According to the American writer, essayist, editor and translator Eliot Weinberger, Kosinski could
not have been the author of The Painted Bird because he did not sufficiently master the English
language at the time of its publication (he had only been in the United States for six years). M.A.
Orthofer qualifies Weinberger's claim by saying that Kosinski himself was a fake in some ways,
because he appeared to be someone he was not in reality (like many of the characters in his books).
The best forgeries are those that sow doubt about what part of them is true and what part is not.
In Jerzy Kosinski: A Biography , by James Park Sloan, D. g. Myers argues that the events recounted
in The Painted Bird are fictional and were passed off as autobiographical on the advice of the
editors.

Stokes' article
In June 1982, an article published in the Village Voice and signed by Geoffrey Stokes and Eliot
Fremont-Smith directly accused Kosinski of plagiarism. They claimed that much of their work was
taken from Polish sources, which were inaccessible to Western readers. They cited, for example,
that From the Garden had a strong resemblance to Kariera Nikodema Dyzmy — a well-known 1932
Polish novel written by Tadeusz Dołęga-Mostowicz. They also pointed out that Kosinski had
written The Painted Bird in Polish, and then secretly had it translated into English for publication.

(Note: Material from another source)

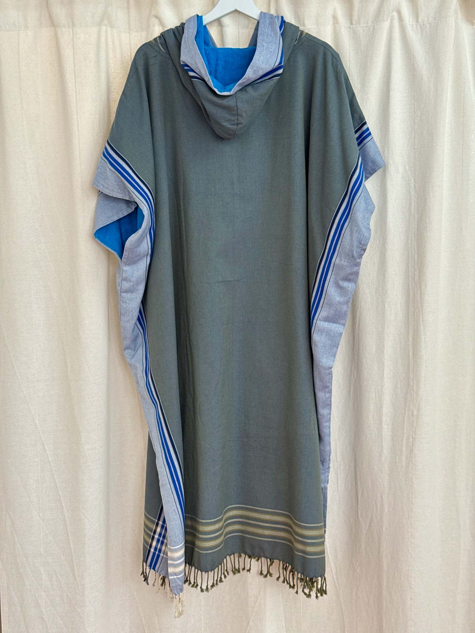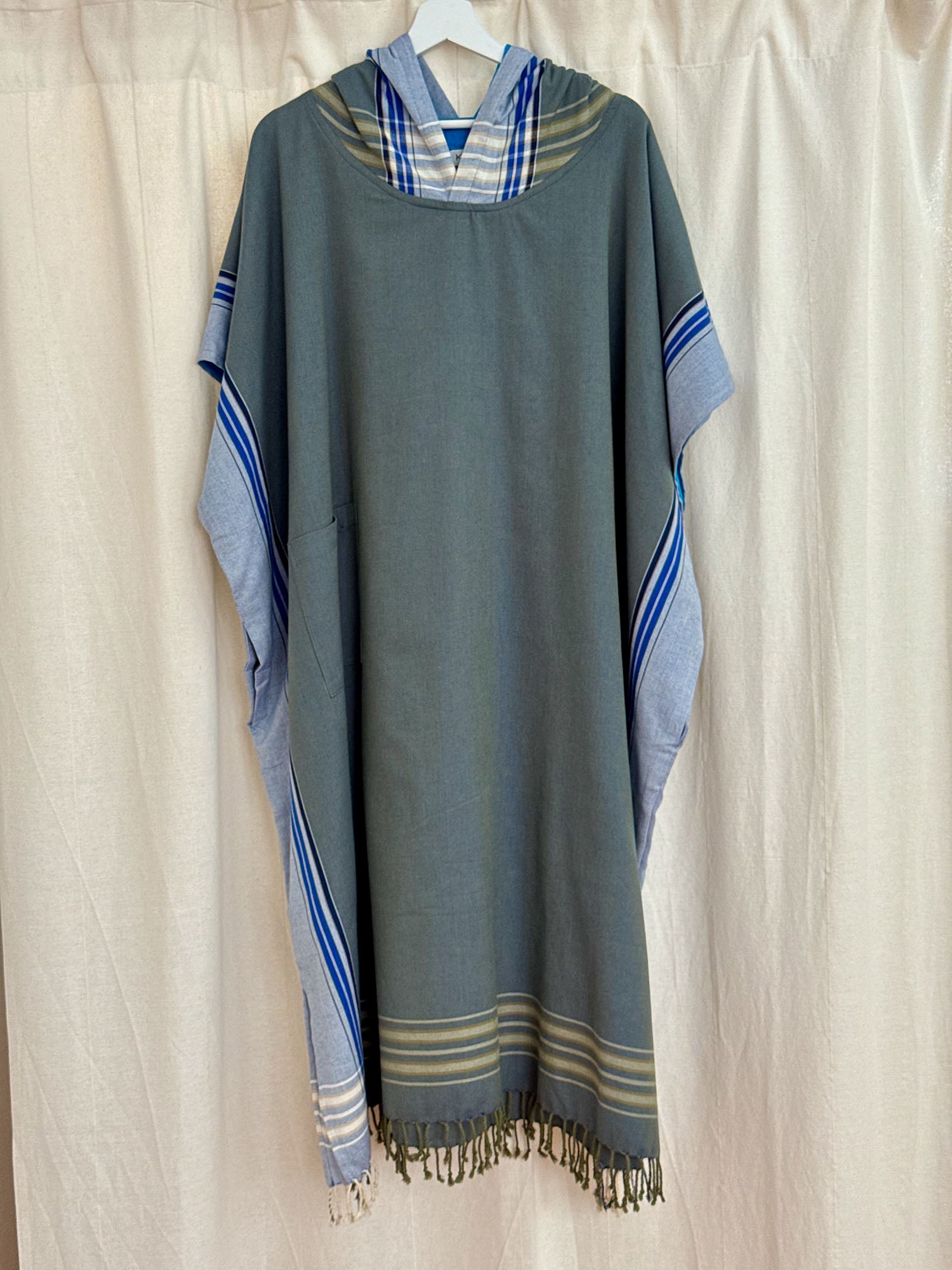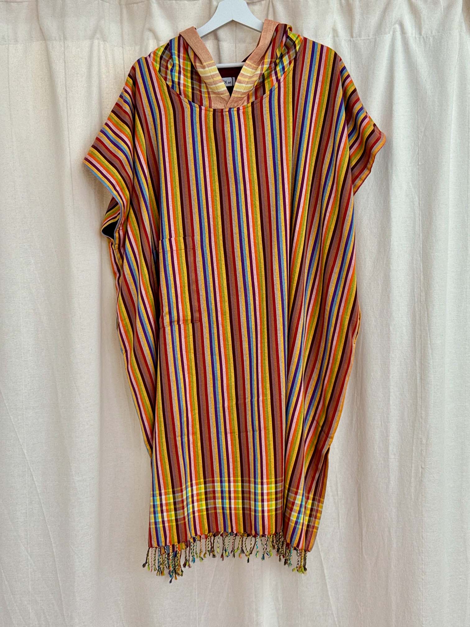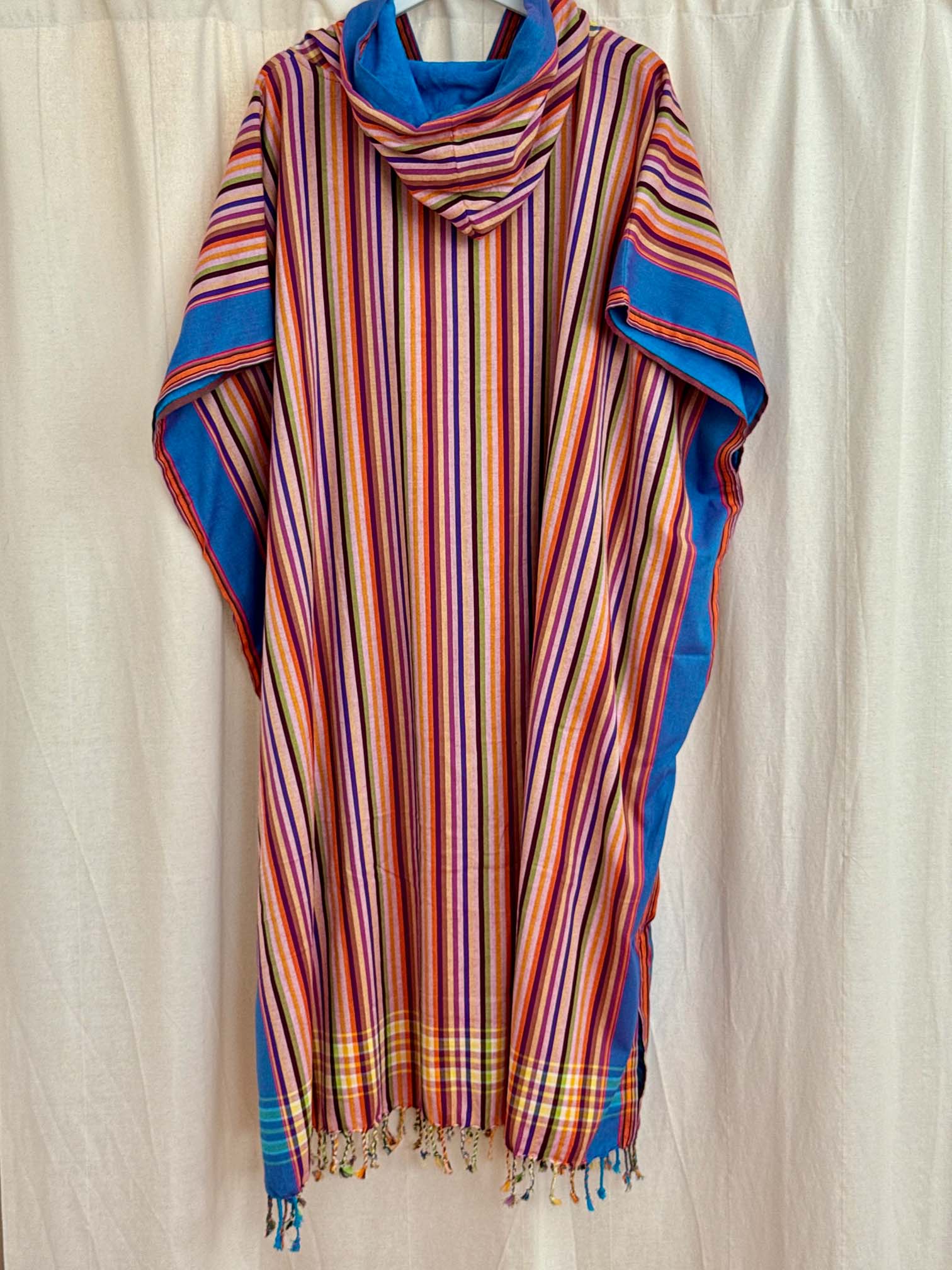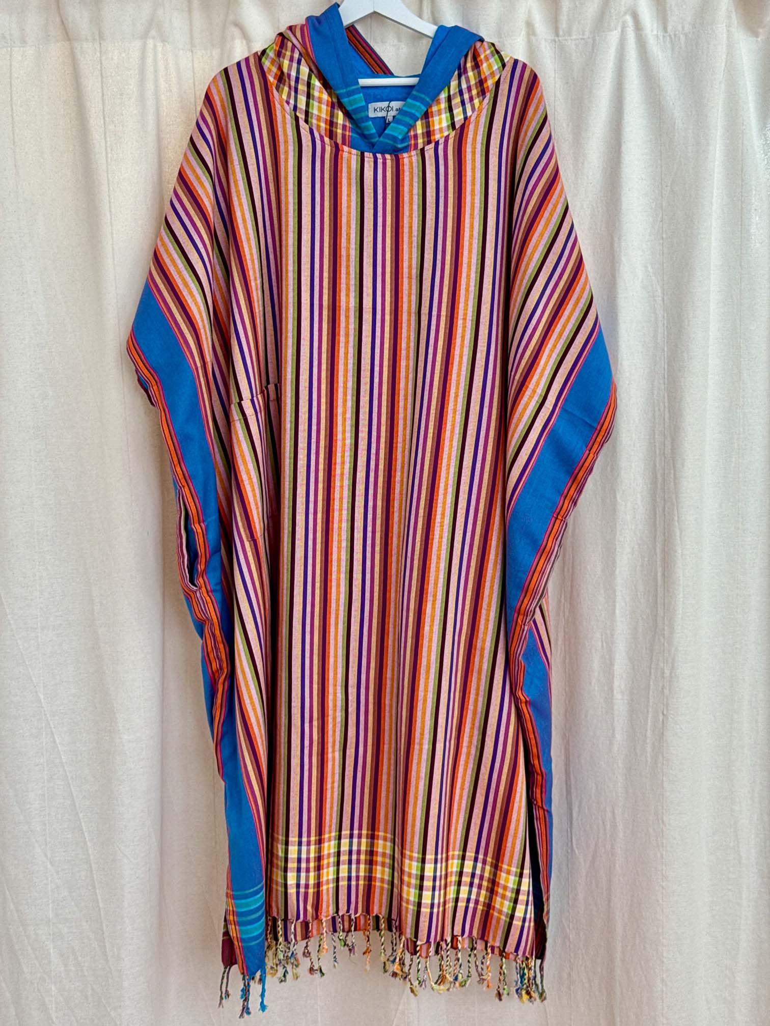Dank dem Kikoi Stoff und dem Frottee Futter sind die Badeponchos schnell trocknend und kuschelig bequem. Sie haben einen weiten, großzügigen Schnitt, was insbesondere von Surfern sehr geschätzt wird. Die praktische Kapuze schützt zudem vor Wind.

Another serious accusation, based on stylistic and punctuation differences between some novels and
others, maintained that Kosinski and his editors were using uncredited writers at that time to write
their works. The New York poet and translator George Reavey claimed to have written The Painted
Bird for Kosinski, although not much attention was paid to it.
The article also presented a different view of Kosinski's life during World War II, later supported by
Polish biographer Joanna Siedlecka and by Sloan. The article claimed that The Painted Bird seemed
to be semi-autobiographical, but that it was pure fiction, since Kosinski had spent the entire war
hiding with a Catholic family and had not been mistreated.

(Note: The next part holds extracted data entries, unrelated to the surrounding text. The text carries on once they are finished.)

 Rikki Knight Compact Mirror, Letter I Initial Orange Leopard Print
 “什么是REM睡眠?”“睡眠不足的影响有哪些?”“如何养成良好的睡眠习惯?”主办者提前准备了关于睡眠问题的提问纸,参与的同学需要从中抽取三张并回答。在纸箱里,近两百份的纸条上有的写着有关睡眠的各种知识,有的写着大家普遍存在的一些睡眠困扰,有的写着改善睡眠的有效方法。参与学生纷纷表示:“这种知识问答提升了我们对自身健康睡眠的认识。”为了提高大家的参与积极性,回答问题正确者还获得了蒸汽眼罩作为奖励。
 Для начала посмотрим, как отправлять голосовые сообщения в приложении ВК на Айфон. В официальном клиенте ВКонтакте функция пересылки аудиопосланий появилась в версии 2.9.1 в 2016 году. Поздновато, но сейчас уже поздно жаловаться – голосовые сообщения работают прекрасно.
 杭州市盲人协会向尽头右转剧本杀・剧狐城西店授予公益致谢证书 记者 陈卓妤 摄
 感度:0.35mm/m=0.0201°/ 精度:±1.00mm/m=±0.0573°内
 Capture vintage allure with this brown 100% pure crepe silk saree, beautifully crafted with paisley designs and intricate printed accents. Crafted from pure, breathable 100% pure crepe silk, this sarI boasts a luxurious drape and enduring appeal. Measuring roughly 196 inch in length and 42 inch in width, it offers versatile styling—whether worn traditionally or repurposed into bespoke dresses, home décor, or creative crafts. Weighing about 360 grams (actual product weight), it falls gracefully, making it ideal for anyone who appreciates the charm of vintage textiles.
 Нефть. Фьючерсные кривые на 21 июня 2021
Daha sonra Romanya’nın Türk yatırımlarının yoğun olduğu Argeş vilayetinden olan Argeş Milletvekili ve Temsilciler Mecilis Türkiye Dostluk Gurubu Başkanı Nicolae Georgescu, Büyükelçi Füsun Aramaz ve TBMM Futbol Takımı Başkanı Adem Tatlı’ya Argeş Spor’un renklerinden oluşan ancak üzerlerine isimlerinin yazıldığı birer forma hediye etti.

The British writer and editor Terence Blacker responded to this article in 2002, pointing out that
Kosinski's books had a consistent vision and voice among them, and that the author's real problem
was that he had aroused a lot of envy because of his lifestyle ( unconventional and abundant in
excess) and its success.
John Corry, a controversial figure in his own right, defended Kosinski in an article published in the
New York Times in 1982. Among other things, Corry alleged that the theory that Kosinski was a
forger and a plagiarist, and that he was in the pay of the CIA, was spread by the Polish communist
government to discredit him.
Another argument of Kosinski's defenders was that, by relying on the stylistic differences between
his different works to support the theory of plagiarism, his detractors seemed to forget that these
same differences exist in almost all authors if a sufficiently long period of time is considered.
Kosinski himself responded that he had never said that his books were autobiographical. In 1988, he
wrote Te Hermit of 68th Street , in which he demonstrated the absurdity of research into his
previous work by inserting footnotes into virtually every word in the book.